Et sur le plan culturel et les échanges personnels?

Pendant l’année scolaire 2010-2011, le nombre des bourses gouvernementales chinoises, accordées aux étudiants africains, ont atteint 5.710. L’objectif annoncé par la Chine lors de la quatrième Conférence ministérielle du Fcsa a ainsi été accompli avec deux ans d’avance. D’ailleurs, l’Université des Comores est prête à ouvrir une Classe Confucius en son sein et les préparatifs sont en cours. A présent, l’Institut Confucius et la Classe Confucius ont été ouverts dans vingt-un pays africains dont le nombre a été porté à vingt-huit. Actuellement, quarante-sept étudiants comoriens bénéficient, actuellement, de bourses gouvernementales chinoises, et ce chiffre va augmenter encore dans les années à venir. En matière des ressources humaines, nous invitons chaque année une centaine de fonctionnaires et techniciens comoriens de divers milieux à se rendre en Chine pour des séminaires ou formations: 124 en 2011 et encore plus cette année.

Qu’est-ce qu’on peut attendre de la cinquième Conférence ministérielle du Fcsa?

Cette cinquième Conférence ministérielle, la première du genre depuis l’entrée du Fcsa dans sa deuxième décennie, est une rencontre importante qui permet d’assurer la continuité et le développement des relations sino-africaines et qui fait l’objet d’une haute attention de la Chine comme de l’Afrique. Les ministres des Affaires étrangères et les ministres chargés de la coopération économique de cinquante pays africains ainsi que le président de la Commission de l’Union africaine participeront à la Conférence. Du côté des Comores, Mohamed Ali Soilihi, vice-président chargé des Finances, et Mohamed Bakri, ministre des Relations extérieures et de la Coopération, y participeront avec trois hauts fonctionnaires. Lors de cette Conférence, les deux parties travailleront autour du thème “Consolider les acquis et ouvrir de nouvelles perspectives pour le nouveau partenariat stratégique sino-africain“ pour réaliser les objectifs suivants: premièrement, évaluer, sur tous les plans, la mise en oeuvre du suivi de la quatrième Conférence ministérielle de 2009; deuxièmement, explorer les modes et moyens permettant d’approfondir leur nouveau partenariat stratégique pour faire avancer le développement du Fcsa; troisièmement, identifier les domaines prioritaires de leur coopération et les grandes mesures à prendre pour les trois ans à venir et élaborer un plan d’action à cet égard; quatrièmement, échanger des vues sur les questions internationales et régionales d’importance majeure pour mieux préserver et élargir leurs intérêts communs.
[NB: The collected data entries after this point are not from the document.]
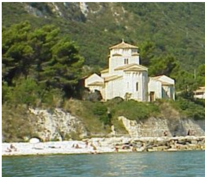
Chiesetta di Santa Maria di Portonovo

Santa Maria di Portonovo è una splendida abbazia romanica edificata dai Benedettini a partire dal 1034, in seguito ad una donazione di alcuni signori del Poggio. Abitata per tre secoli dai monaci, che la ampliarono con un convento oggi distrutto, fu abbandonata per una frana nel 1320. Dopo aver subito i saccheggi turchi fu restaurata alla fine dell'800 dal Sacconi e riaperta al culto nel 1934. Rifacendosi a versi danteschi alcuni sostengono che ospitò San Pier Damiani, fondatore dell'eremo di Camaldoli. Le linee, sobrie e armoniose, ricordano i modi costruttivi lombardi, mentre la cupola è d'ispirazione bizantina. Dalle finestre delle absidi, rivolte verso il mare, entra la luce del sole nascente che illuminava il canto mattutino dei monaci.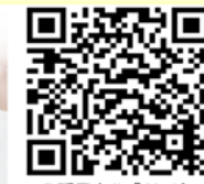
我孫子市公式サイト

あなた自身がもしもの時の通知先（管理者）を設定できる。また、あなたが管理者となり見守りたい方を招待して、もしもの通知を受け取る。 ※直接利用者と近親者（管理者）をつなぐサービスです。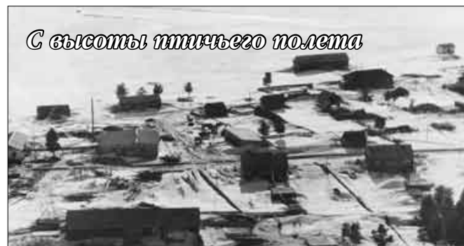
С высоты птичьего полета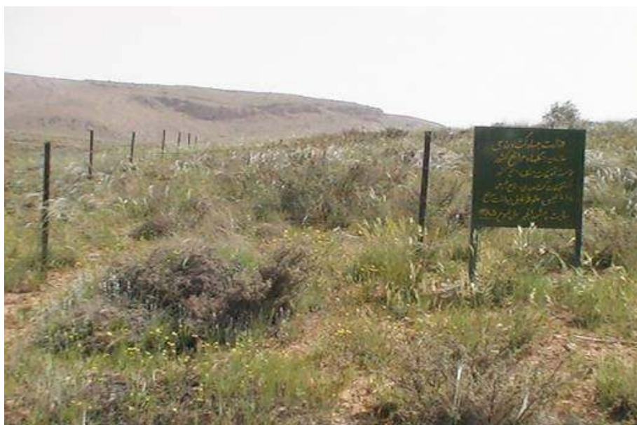
شکل ۱- نمایی از سایت چشمه‌انجیر استان فارس

ارزش رجحانی دارد. Sharifi و همکاران (۲۰۱۷) در مطالعه رفتار چرای دام و رابطه آن با تخریب مراتع نیمه‌استپی استان اردبیل بیان کردند در اوایل فصل رویش که معمولاً گیاهان به فراوانی یافت می‌شوند، تحرک دام کمتر است و اثر تخریبی کمتری دارد، از این رو به نظر می‌رسد هرچه علوفه در مرتع کمتر شود تحرک دام بیشتر شده و دام‌ها به‌ویژه دام سبک جستجوی بیشتری برای پیدا کردن علوفه صرف خواهد کرد و این مسئله باعث تخریب بیشتر مرتع می‌شود؛ بنابراین چرا در مواقع خشک‌سالی به دلیل کاهش تولید علوفه به افزایش تحرک دام در مرتع منجر شده و مرتع بیشتر صدمه‌دیده و فرسایش تشدید می‌شود. همچنین Ehsani و همکاران (۲۰۱۵) رفتار چرای گوسفند را در شیب‌های مختلف در مراتع نیمه‌استپی مطالعه کردند. آنان بیان کردند که در طی ماه اول فصل چرا هم‌زمان با دوره گلدهی گیاهان و در زمانی که پوشش گیاهی بیشتر است، دام به دلیل تنوع طلبی مسافت بیشتری را طی می‌کند و کمترین مسافت طی شده در ماه‌های مرداد و شهریور می‌باشد. Karimi و همکاران (۲۰۱۴) رفتار چرای گوسفند نژاد فشنندی را در مراتع سایت کردان (هشتگرد کرج) بشرح ذیل بیان کردند: طی ماه اول فصل چرا و در زمانی که پوشش گیاهی بیشتر می‌باشد، مسافت پیموده شده

Quels sont les résultats attendus après cette cinquième Conférence?

Quant aux résultats concrets de la cinquième Conférence ministérielle du Fcsa, deux documents seront publiés: la Déclarationde Beijing et le Plan d’action de Beijing (2013-2015). Lors de la cérémonie d’ouverture, le président Hu Jintao annoncera, au nom du gouvernement chinois, les nouvelles mesures envisagées par la Chine dans de multiples domaines tels que l’investissement, le financement de projets, l’aide, l’intégration africaine, la paix, la sécurité ainsi que les échanges populaires pour renforcer sa coopération avec l’Afrique. Je suis convaincu que grâce aux efforts conjugués de part et d’autre, cette Conférence sera certainement couronnée d’un plein succès pour porter le nouveau partenariat stratégique sino-africain à un palier plus élevé.